The second case is a 88-year-old diabetic and hypertensive woman with significant vasculopathy, diagnosed with ACKD secondary to diabetic nephropathy, on haemodialysis through a femoral CVC, who was admitted due to septic shock of uncertain origin. Empirical antibiotic therapy was started with vancomycin and meropenem, confirming the diagnosis of CRB due to Ochrobactrum anthropi. Despite significant clinical improvement, in view of the persistence of fever and given the history of the previous case, it was decided to remove the CVC and complete treatment with ciprofloxacin. Implanting a new CVC resolved the condition and there were no new infectious complications.

CRB due to Ochrobactrum anthropi is a very rare condition in our setting. This microorganism is a gram-negative bacillus, ubiquitous in nature, belonging to the Brucellaceae family, within the Alphaproteobacteria class.3 In recent years its importance has increased as an emergent pathogen in immunocompromised patients, especially in hospital settings,6 and the most commonly described infection is CRB, due to this bacteria's easy adherence to synthetic hospital materials, a characteristic similar to those of the genus Staphylococcus.5

Although most cases of infection from this microorganism have been described in immunocompromised patients, some cases have been described in immunocompetent patients.4,5

To date, there are few published cases of bacteraemia in patients on haemodialysis,5,7–9 none of them in Spain.

Endophthalmitis, meningitis, endocarditis, osteochondritis, pancreatic abscess and pelvic abscess conditions have been described.

In most of these, the strains of Ochrobactrum anthropi were resistant to beta-lactams and groups of antibiotics such as penicillins, cephalosporins and aztreonam, but were sensitive to aminoglycosides, fluoroquinolones, carbapenems, tetracyclines and trimethoprim/sulfamethoxazole. Resistance is mediated in part by the presence of inducible type AmpC β-lactamases.10 Our cases matched this pattern of sensitivity and resistance.

It should finally be noted that, as in other published cases, we did not see any local signs of infection at the catheter insertion site, with scant clinical expressiveness of the condition, except for the presence of fever.
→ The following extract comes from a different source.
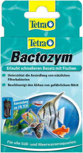 A Tetra Bactozym gyors bioaktivitást biztosít az akváriumban. A természetes szerves kolloidok láthatatlan filmréteget hoznak létre a szűrőanyagon és minden felületen, elősegítve ezzel a hasznos szűrőbaktériumok megtelepedését. Ez azt jelenti, hogy az első halak már 24 órával az új beállítás után telepíthetők. A víz- és szűrőcsere a bioaktivitás komoly vesztesége nélkül elvégezhető.

In the second case, the severity of the general condition of the patient was noteworthy, with no focal point of infection data, improving rapidly after starting antibiotic therapy. All this presents the need for high clinical suspicion with early diagnosis and treatment.

In conclusion, it is important to highlight the emergent role of Ochrobactrum anthropi as a pathogen responsible for CRB tunneled for haemodialysis. We also consider that early intravenous antibiotic treatment is important, and if no response is obtained within 48–72h of starting, early withdrawal of the dialysis catheter should be performed to definitively eradicate the microorganism.